A BD franco-belga — uma arte maior, uma escola mundial
« La bande dessinée est une manière de raconter, pas un genre. »
— Will Eisner
Introdução
Era um domingo de manhã na feira de antiguidades de Saint-Ouen. Entre móveis Art déco e discos de vinil do Brel, encontrei uma edição original de Tintin au Tibet, encadernação meio desgastada, páginas amareladas mas intactas. O vendedor — um parisiense que tinha conhecido as bancas de jornal do Quartier latin nos anos 70 — me contou que estava vendendo a coleção para se mudar para Portugal. « La BD, c'est fini pour moi, mais pas pour vous », ele me disse enquanto embrulhava o álbum em papel jornal. Ele estava errado. A bande dessinée franco-belga nunca acaba. Ela está viva, se transforma, resiste. De Bruxelas a Paris, de Louvain-la-Neuve a Angoulême, o 9ᵉ art é um patrimônio cultural ativo, uma literatura gráfica que atravessa gerações e fronteiras linguísticas. Para um estudante lusófono que está aprendendo francês, é também uma porta de entrada e tanto para a língua e a cultura francófonas.

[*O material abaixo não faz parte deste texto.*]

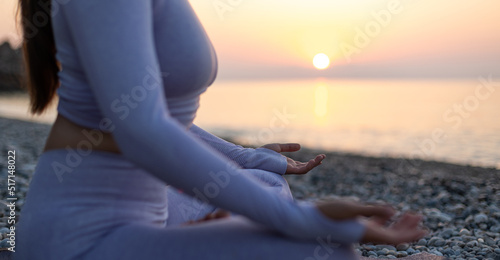 Young woman practice yoga and meditation near the sea at sunrise, healthy lifestyle concept, lotus position

I. A escola de Bruxelas — a “linha clara”
Tudo começa na Bélgica. Hergé — Georges Remi, de seu verdadeiro nome — inventa nos anos 30 uma linguagem visual revolucionária: a ligne claire. Nada de sombras projetadas, nada de hachuras, apenas um traço depurado, democrático, legível. Cada quadrinho é um quadro equilibrado onde a informação circula sem hierarquia dramática. Essa estética, nascida nas páginas do Petit Vingtième, torna-se a assinatura da escola franco-belga clássica.
O universo de Tintim — o jovem repórter belga de aventuras planetárias — é uma máquina narrativa perfeita. Hergé documenta obsessivamente seus cenários: para O Lótus Azul, consulta um estudante chinês; para Tintim no Tibete, estuda fotografias de expedições himalaias. Esse rigor quase jornalístico dá à HQ uma credibilidade que a distingue do cartoon americano. O capitão Haddock, os gêmeos Dupond e Dupont, o professor Tournesol — esses personagens secundários se tornam arquétipos da cultura popular francófona.
O Estúdio Hergé é uma colmeia criativa. Bob De Moor desenha os fundos, Edgar P. Jacobs — futuro criador de Blake e Mortimer — colabora antes de voar com asas próprias. Jacobs inventa uma outra linha clara, mais arquitetônica, quase art déco, perfeita para suas tramas de ficção científica retrofuturista.
Depois vem André Franquin. Com Spirou e Fantasio, e sobretudo com Gaston Lagaffe e o Marsupilami, Franquin introduz o movimento, a anarquia visual, a poesia da desordem. Gaston — o anti-herói absoluto, funcionário de escritório catastrófico — é um manifesto contra a produtividade. Cada invenção furada, cada gag visual é um pequeno ato de resistência contra o mundo moderno. Franquin desenha também Idées noires, tirinhas crepusculares e filosóficas que revelam a profundidade melancólica do autor.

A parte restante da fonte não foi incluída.